Most people think that you need an old-school motorcycle to handle old-school desert races—big, fast and heavy. That’s the way Jack Johnson and Walt Axthelm did it, by George, so that’s the way it should be done, right? Maybe not. This bike was built especially for the Best in the Desert series and it was based on a bike historically relegated to campgrounds and picnic areas. The Yamaha WR250F has a very unadorned racing history, but we decided that should change. Last year the WR was completely redesigned with more YZ-think than ever before. It’s time it earned a racing pedigree.

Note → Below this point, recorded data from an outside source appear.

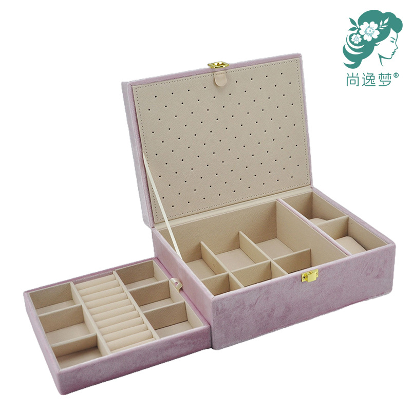 Cross-Border Source Factory High-End Pink Velvet Flocking Cloth Double Multi-Layer Super Large Capacity Jewelry Storage Box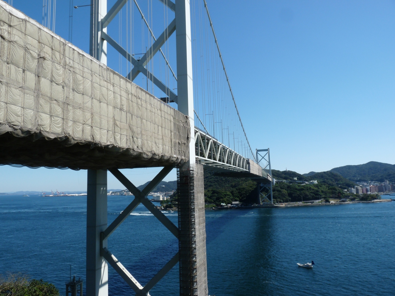 本州と九州を行き来するにはこの関門橋を通ることとなります。走行している際はドライバーでなければ眺めることはできませんが,壇ノ浦サービスエリアからは,展望台などの施設からゆっくり眺めることができます。橋梁本体も間近で見られるので,ぜひとも,ゆったりと眺めてほしい橋です。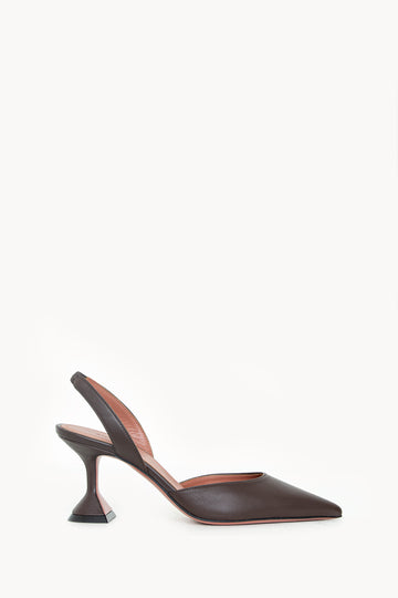 Holli Slingback fra Amina Muaddi i brunt nappa skinn. Modellen har et klassisk design og kan brukes til både fest- og hverdagsantrekket. Designet med Amina Muaddi sin signatur martiniglass-hæl i 70mm som gir god komfort og stabilitet.
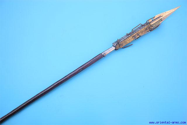 We are not at all sure that this is Indian. It is surely very unusual. The 5 1/2 inches steel blade is screwed on to a long steel socket, and over it there is an unclear brass and iron structure, nicely stamped with geometrical motives and with small brass and steel spikes riveted to it. It can be removed by un-screwing the blade from its socket. Probably a ceremonial addition to a long spear. Long wood haft. Total length 67 inches. Very good condition. Good age patina on the wood haft. An unusual item. |

We admit that a 250cc four-stroke isn’t the right bike if you’re aiming for the overall win. We weren’t thinking in those terms. A top five and perhaps a class win, however, are perfectly within reach for a small-bore four-stroke. The WR can do that and beat its share of larger-displacement bikes along the way, because it can easily be made to produce as much power as the YZ version, and it has a wide-ratio gearbox for those long stretches of open Nevada desert. Also, the mass starts that favored big bikes are long gone. Most long-distance races are timed nowadays.
The first part of the WR’s conversion is easy. Yamaha’s accessory division sells a power-up kit that has a different CPU for the ignition and a new throttle stop. Remember, the WR250F is sold as an off-road model that meets EPA and CARB emission requirements. In stock form, the throttle doesn’t open all the way. To finish the competition conversion, you need an exhaust like the FMF F4.1 Ti system. Even with the accessory black box the WR still doesn’t quite run like a YZ, unless you do a little remapping using the Yamaha Power Tuner. If you have time to do your own testing, it’s not a difficult process; you can simply add fuel and advance the spark until it feels faster. In this case, we used a more efficient method. We installed a Dynojet Power Commander with settings worked out by Jett Tuning. The motor was geared up slightly with a 14/48 sprocket combination. The WR still has a decently low first gear, but Vegas to Reno also has its share of technical sections, so we installed a Rekluse Core EXP 3.0 automatic clutch just to help eliminate the possibility of stalling. We still had the WR’s electric starter; we don’t understand why anyone would disable that for the scant weight savings. In fact, you need a battery and a headlight for some races–Baja and Vegas to Reno, anyway. The stock headlight isn’t worth much, but the Baja Designs Squadron Pro is a compact headlight that doesn’t require any more space than the stocker and produces about 10 times the light using four small LED lamps in a Polysport plastic frame. It costs about $250 but bolts on to the WR without any stator work or anything. We used an EarthX lithium-ion battery to power the light, the starter and everything else, because it weighs 2 pounds less than stock and has greater capacity.

Troy Vanscourt explores some southwestern terrain on the converted WR250F.

You have to increase the range of the WR just a bit. The fuel stops are typically around 30 miles apart, which is well within the bike’s stock range. But, some go beyond 50 miles and require increased fuel capacity. IMS sells a wing tank that holds 3.2 gallons, meaning it eliminates the radiator shrouds and carries some fuel outboard of the radiators. Switching tanks is also a good idea because you can use an IMS dry-break quick-fill system.
Beyond fuel range there’s human range. Just because a motorcycle can go 70 miles on a tank of gas doesn’t mean the rider can. Seat Concepts specializes in making seats that are good for hours and hours. In this race that’s particularly important. There are rough parts, silty parts and technical parts, but there are also sit-still-and-pin-it parts. Along the same lines, suspension work and a steering stabilizer make the trip less grueling. The WR’s stock suspension is outrageously good for trail riding but not for crossing states at race speed. TBT Racing did the suspension work for about half what other companies charge—and did a good job. Then, a GPR Version 4 stabilizer went on with a billet top clamp.
Survival parts that were left: a Boyesen Supercooler, Pro Taper Fuzion bars and levers, MSR radiator braces, UFO plastics and chainguide, and a PC3 carbon skid plate made the bike just a little tougher.

What started off as a fluffy trail bike is now a fluffy race bike.

We’ve had the bike up to 94 mph. It takes a little more room to get up there than a big bike, but we’re quite sure we don’t want to go any faster. The result that we’re most pleased with so far is the fun factor. Riding the WR is an absolute blast. When you get it up to nearly 100 mph it’s not scary at all. You feel like you can stop quickly and dodge any rampaging Nevada burros that wander onto the course. With enough time in top gear, slowing down to 50 mph feels like walking speed.
High-speed cross-country racing is downsizing almost everywhere in the world. We’ve seen the winners in the Baja 1000 shift from 650s to 450s in the last 10 years. In Dakar the bikes were 1000cc, then 650cc and now 450cc. We admit, we’re a little ahead of the trend, using a 250 but trust us; it’s the way of the future, and we like it.